This calls for a verbatim copy of all the data, with no images carried over.

• Exercise data:
• • •

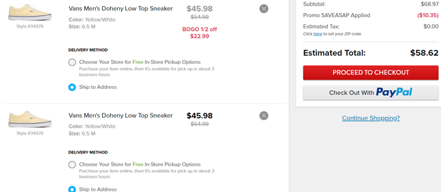 | 内容: | 评论 Famous Footwear官网现有全场鞋履买一件第二件半价促销,无需用码,加入购物车显示折后价; 另外用码:“SAVEASAP”叠加额外8.5折; 其中这款Vans DOHENY 低帮米黄色男款休闲鞋,售价均降至$45.98,加入购物车2双,用码每双折后一双$29.5,会员美国境内免邮,转运到手约310元,目前男士6.5码起有货。 作为帆布鞋界的鼻祖,加上大幂幂、热巴等明星机场街拍出现了N多次,使得VANS一下子又活跃起来了,像Classic Slip-On、Authentic、Sk8-Hi 等都是好热门的呢,这款鞋设计简单时尚,采用结实帆布材质鞋面,舒适透气,橡胶底,防滑耐磨,米黄色视觉感非常清新,适合夏天。
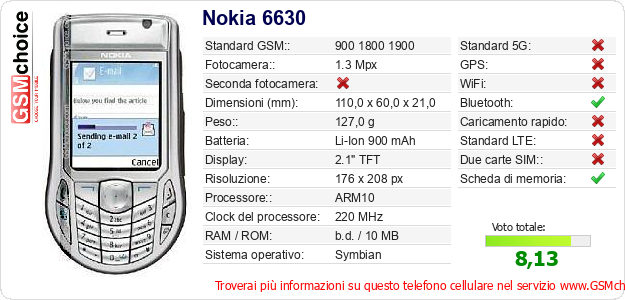 Dati del telefono cellulare Nokia 6630 sul tuo sito
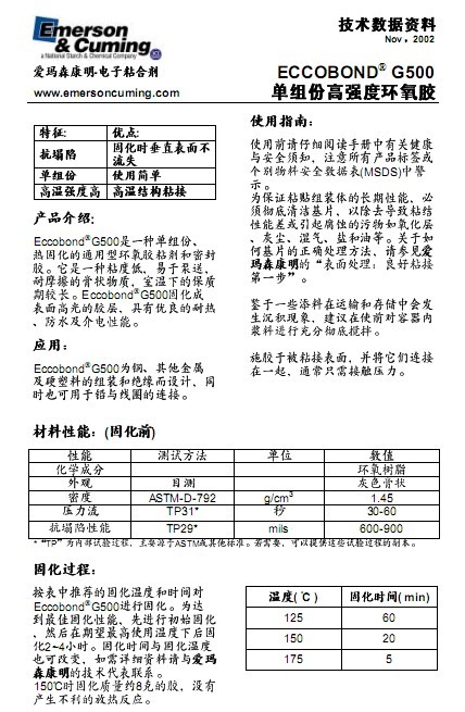 eccobondg500是一種單組份,熱固化的通用型環(huán)氧膠和密封膠。它是一種粘度低,易于泵送,乃摩擦的膏狀物質(zhì),抗坍塌性好,室溫保存期長。固化后表面光亮度好,高溫強度高,具有優(yōu)良的耐熱。防水和介電性能。專為銅,其他金屬及硬塑料的組裝和絕緣而設(shè)計,同時也可用于鉛與線圈的連接。在電感線圈行業(yè)有非常成熟的應用。
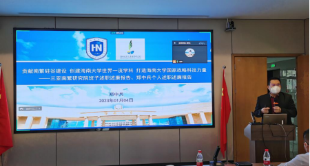 南繁院党委书记郑中兵、常务副院长杨小锋、副书记(院长)钟祥涛、副院长张洪亮分别做了个人工作报告和述职述廉报告。南繁院党委书记郑中兵主持会议。

• • •

• Solution to this exercise:
 | 内容: | 评论 Famous Footwear官网现有全场鞋履买一件第二件半价促销,无需用码,加入购物车显示折后价; 另外用码:“SAVEASAP”叠加额外8.5折; 其中这款Vans DOHENY 低帮米黄色男款休闲鞋,售价均降至$45.98,加入购物车2双,用码每双折后一双$29.5,会员美国境内免邮,转运到手约310元,目前男士6.5码起有货。 作为帆布鞋界的鼻祖,加上大幂幂、热巴等明星机场街拍出现了N多次,使得VANS一下子又活跃起来了,像Classic Slip-On、Authentic、Sk8-Hi 等都是好热门的呢,这款鞋设计简单时尚,采用结实帆布材质鞋面,舒适透气,橡胶底,防滑耐磨,米黄色视觉感非常清新,适合夏天。
 Dati del telefono cellulare Nokia 6630 sul tuo sito
 eccobondg500是一種單組份,熱固化的通用型環(huán)氧膠和密封膠。它是一種粘度低,易于泵送,乃摩擦的膏狀物質(zhì),抗坍塌性好,室溫保存期長。固化后表面光亮度好,高溫強度高,具有優(yōu)良的耐熱。防水和介電性能。專為銅,其他金屬及硬塑料的組裝和絕緣而設(shè)計,同時也可用于鉛與線圈的連接。在電感線圈行業(yè)有非常成熟的應用。
 南繁院党委书记郑中兵、常务副院长杨小锋、副书记(院长)钟祥涛、副院长张洪亮分别做了个人工作报告和述职述廉报告。南繁院党委书记郑中兵主持会议。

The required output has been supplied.